The story of the smartphone revolution might have been very different. Hermann Hauser was enjoying success as a computer entrepreneur in Cambridge in 1985, but his company, Acorn, needed a better chip. Hauser approached the US firm Intel to ask if he could modify one of its chips.
“Intel said get lost,” says Hauser. “Who the hell are you? They are perfect as they are.’”
It may well regret that decision. Hauser instead asked two engineers to create Acorn’s own version. There are now 225bn descendants of the first “advanced Risc machine”, or Arm, the biggest rival to Intel. If you are reading this on a mobile device there is a very high chance you are holding one of its chips in your hand – the company estimates they are embedded in 95% of smartphones worldwide.
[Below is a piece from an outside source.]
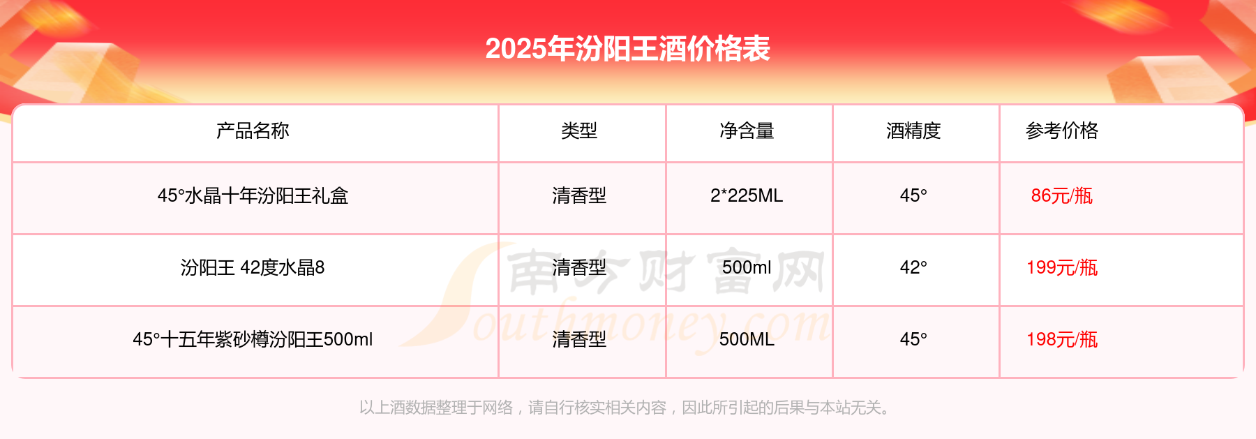汾陽王 42度水晶8參考價199元/瓶、45°十五年紫砂樽汾陽王500ml參考價198元/瓶、45°水晶十年汾陽王禮盒參考價86元/瓶。

Yet its future is deeply uncertain, amid concerns it will list on New York’s stock market, loosening its UK roots. The company has halted work on a dual listing in the UK, the Financial Times reported last week. That would be a major blow to Downing Street, which has lobbied hard for a London listing.
Hauser, now a venture capital investor in a series of UK tech companies, sold his shareholding in Arm in 2016 when it was bought by Japan’s SoftBank, but he is an outspoken advocate of it retaining its status as an independent company, and a UK tech champion.
American chip designer Nvidia tried to buy Arm in 2020, which “would have been an absolute disaster”, he says, speaking from his Cambridge office. He is in favour of an initial public offering that allows a diverse shareholder base to take minority investments and keep Arm as the “Switzerland of the semiconductor industry”, able to work with anyone.